Bola adalah jantung dari katup bola, dan kualitas permukaannya sangat penting untuk kinerja penyegelan. Meskipun bola itu sendiri biasanya dibuat dari bahan logam yang kuat, permukaan akhir atau lapisan khusus sangat rentan terhadap kerusakan.

  • Gerusan Permukaan Penyegel: Jika katup bola dioperasikan secara tidak benar dalam posisi terbuka sebagian (yaitu, pelambatan yang salah), aliran fluida berkecepatan tinggi menciptakan efek "pengaliran" yang secara agresif menggerogoti tepi tajam port bola. Gerusan ini dapat dengan cepat menghancurkan lapisan yang mengeras atau permukaan bola yang sangat halus dan presisi.

  • Penjebakan Partikel: Untuk katup yang menangani lumpur atau media yang mengandung partikulat, partikel padat dapat terperangkap dan hancur di antara bola dan dudukan selama langkah penutupan. Tindakan ini menyebabkan pitting permanen atau skor radial pada permukaan bola. Cacat tersebut secara langsung mengganggu integritas segel katup dan menyebabkan kebocoran internal saat ditutup.

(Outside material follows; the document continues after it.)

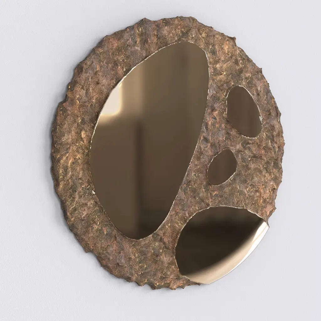 Apollo sculptural wall mirror, crafted from cast bronze, tells a story of erosion and emergence. Its design contrasts mirror-polished areas with patinated, hollowed-out sections. Limited edition of 15+3, each piece features a numbered metal plaque for authenticity. Customization options are available, please contact the concierge for more information.
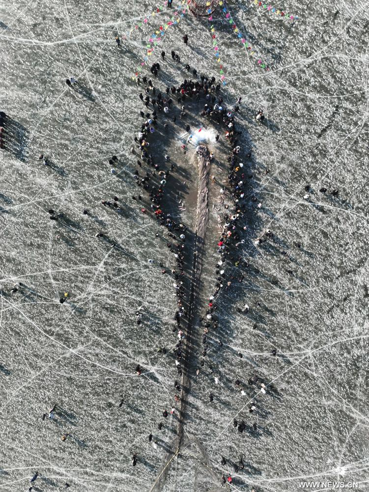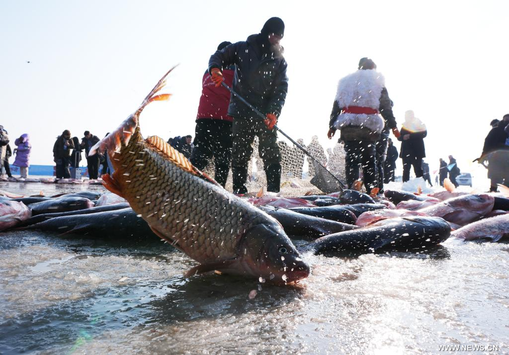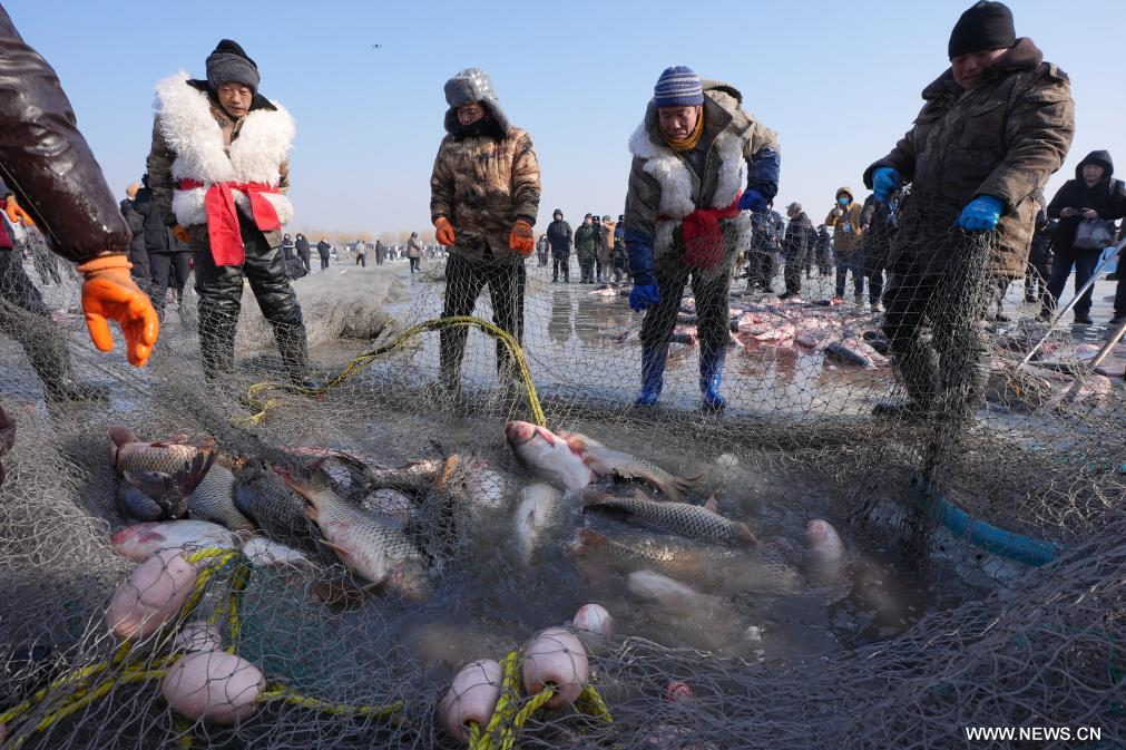شنيانغ 12 يناير 2025 (شينخوا) في الصورة الملتقطة جوا يوم 11 يناير 2025، أشخاص يشاركون في فعالية صيد الأسماك في بحيرة وولونغ في مدينة شنيانغ، حاضرة مقاطعة لياونينغ شمال شرقي الصين.

  • Korosi: Dalam media korosif, jika pemilihan material bola tidak memadai atau lapisan pelindung dilanggar, permukaan bola mungkin mengalami korosi lubang atau korosi seragam. Peningkatan kekasaran permukaan akan mempercepat keausan dudukan dan memicu kebocoran.

4. Batang: Torsi Terkonsentrasi dan Kelelahan Mekanik

Batang katup berfungsi sebagai antarmuka penyegelan dinamis dan komponen inti untuk mentransmisikan torsi dari aktuator atau pegangan manual.

  • Keausan Kunci/Pin atau Spline: Titik sambungan antara batang dan pegangan atau aktuator menanggung keseluruhan torsi operasional. Seiring dengan bertambahnya jumlah siklus, jarak bebas kecocokan pada titik sambungan ini secara bertahap meningkat. Hal ini menyebabkan kelambatan operasional, berkurangnya efisiensi transfer torsi, dan potensi kegagalan akibat patah lelah.

  • Tegangan Bending dan Geser: Ketika torsi operasi berlebihan diterapkan (misalnya, memaksa katup macet), batang dapat terkena tegangan geser ekstrim pada daerah pengepakan atau titik sambungan. Hal ini dapat mengakibatkan sedikit pembengkokan pada batang, yang segera mengganggu kesesuaian presisi antara batang dan set pengepakan, sehingga memicu kebocoran eksternal.

  • Perubahan Permukaan Akhir: Gesekan terus-menerus dengan bahan pengemas dapat memoles atau secara mikroskopis menggores permukaan batang di zona penyegelan. Setiap penurunan integritas permukaan berdampak langsung pada efektivitas dan masa pakai segel pengepakan.